Le projet de Saucats, pour lequel vient de débuter une enquête publique, se présente comme « Horizeo, création d’une plateforme d’énergies renouvelables »… il faut bien assurer le marketing d'un projet de cette ampleur et utiliser les mots de l’air du temps.

De quoi s’agit-il exactement ? Pour le savoir, le plus simple et le plus logique est de se référer aux documents du maître d’ouvrage :

« HORIZEO est un projet multi-énergies ambitieux et innovant qui associe sur un même site production, stockage et consommation d’énergies exclusivement renouvelables. Il se compose d’un élément central qu’est le parc photovoltaïque, dont le dimensionnement permettrait de produire une électricité abondante et compétitive. Il constitue également un levier de développement d’autres technologies d’avenir :

  • Un centre de données (data center) de 10 à 20 mégawatts IT (puissance des équipements informatiques installés) pour s’inscrire dans une stratégie de neutralité carbone et participer à l’attractivité numérique des territoires ;
  • Une unité de stockage d’électricité par batteries de 40 MW pour soutenir la stabilisation du réseau électrique ;
  • Un électrolyseur d’une puissance d’environ 10 MW pour produire de l’hydrogène renouvelable provenant du parc photovoltaïque ;
  • Une surface destinée à l’agri-énergie, comprenant une activité mixte agricole et énergétique sur 10 à 25 hectares.

Le projet HORIZEO constitue également une innovation par les interactions qu’il propose entre chacune de ses briques :

  • Le parc photovoltaïque produirait de l’énergie renouvelable pour l’électrolyseur et le centre de

données ;

  • Le centre de données par son fonctionnement produirait de la chaleur dite “fatale” qui pourrait être réutilisée dans le cadre de l’agri-énergie ;
  • L’électrolyseur produirait de l’hydrogène à partir d’eau et d’électricité. 40 % de l’eau nécessaire à son fonctionnement ne serait pas consommée et pourrait être réutilisée dans le cadre de l’agri-énergie (irrigation). » (synthèse de dossier Maître d’Ouvrage p4)

Un bien beau projet donc… sur le papier.

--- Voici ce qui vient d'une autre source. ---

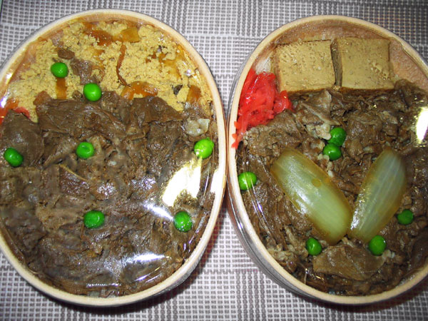 牛丼の起源は明治期の開花丼か? すき焼きの残り肉を白飯に載せたあたりが、葱が玉葱に代わり、彩り緑として三つ葉やグリーンピース、赤い紅生姜を薬味に載せるようになったのだろう。昭和の中ごろ、すき焼きのお持ち帰り用として開発された浅草今半の牛肉弁当なんぞが実は現在の牛丼のオリジナルに近いのかもしれない。今半の牛肉弁当は割り下を使っているのだろう、甘めだが脂の薄い肉に味がしっかりと染みているわりにくどくなく、あっさりとした味付けで飽きが来ないあたり非常によくできている。肉は薄切り肉だが各部きっちり層になって1cm以上敷き詰められており、ありがちな誤魔化しが一切ないのも好感する。白飯へのつゆの染み具合も適度な加減にして上品で程良い。冷えることを前提に施された味付けと材料の選択にはすき焼きの老舗として100年の長があるといったところか。グリーンピースの数が計ったように同じなのは偶然か? 玉葱は特殊な仕入れなのだろうか? ウソのように旨い。

Mais comme pour ce qui est innovant et d’apparence aussi séduisant, il amène à pas mal de questions. Les dossiers fournis par le maître d’ouvrage apportent un certain nombre de réponses qui relèvent plus de la poudre aux yeux et de la manipulation que de la description d’un projet qui présente de l’intérêt environnemental et économique.

Un parc de 1 000 MW solaire, c’est 1 000 ha de pins à abattre. Est-ce bien raisonnable ?

La réponse : « Ce défrichement fera l’objet de démarches spécifiques afin que son impact soit compensé au regard du poids du site dans l’économie de la filière sylvicole, qui fera par ailleurs l’objet d’une étude dédiée. » (synthèse de dossier Maître d’Ouvrage p4). On verra ça plus tard donc, mais rassurez-vous, ce sera bien fait.

Et d’ailleurs : « Les parcelles sylvicoles couvrent 67 % du territoire boisé de la commune de Saucats (environ 6 000 ha). L’aménagement envisagé du projet prévoit d’en défricher 1 000ha ; il en restera donc 5 000. » (synthèse de dossier Maître d’Ouvrage p14). On va donc laisser des pins, merci qui ?

Quant à l’idée de poser les panneaux sur des zones déjà artificialisées, elle paraît bonne mais : elle impliquerait la « Réalisation de nombreux raccordements (impacts environnementaux en phase chantier) et des Coûts élevés, liés à la raréfaction des sites artificialisés, la spéculation sur le prix des loyers, et la sous-optimisation liée aux coûts de maintenance et de raccordement. » (dossier Maître d’Ouvrage p99). Plus cher et plus compliqué, franchement il vaut mieux couper des arbres…

Quelle est la production attendue du parc solaire ?

La réponse : Pas de réponse. Dans le dossier du Maître d’Ouvrage, pas l’ombre d’un petit début d’élément. On ne nous parle même pas pour une fois de l’équivalent de la consommation de x habitants. On connaît juste la répartition de la production dans l’année grâce à la courbe d’ensoleillement qui est fournie (dossier Maître d’Ouvrage p18).

image Saucats 1

Donc on ne sait pas ce qui va être produit, mais la nuit, rien du tout bien sûr, et l’hiver il ne faut pas trop y compter.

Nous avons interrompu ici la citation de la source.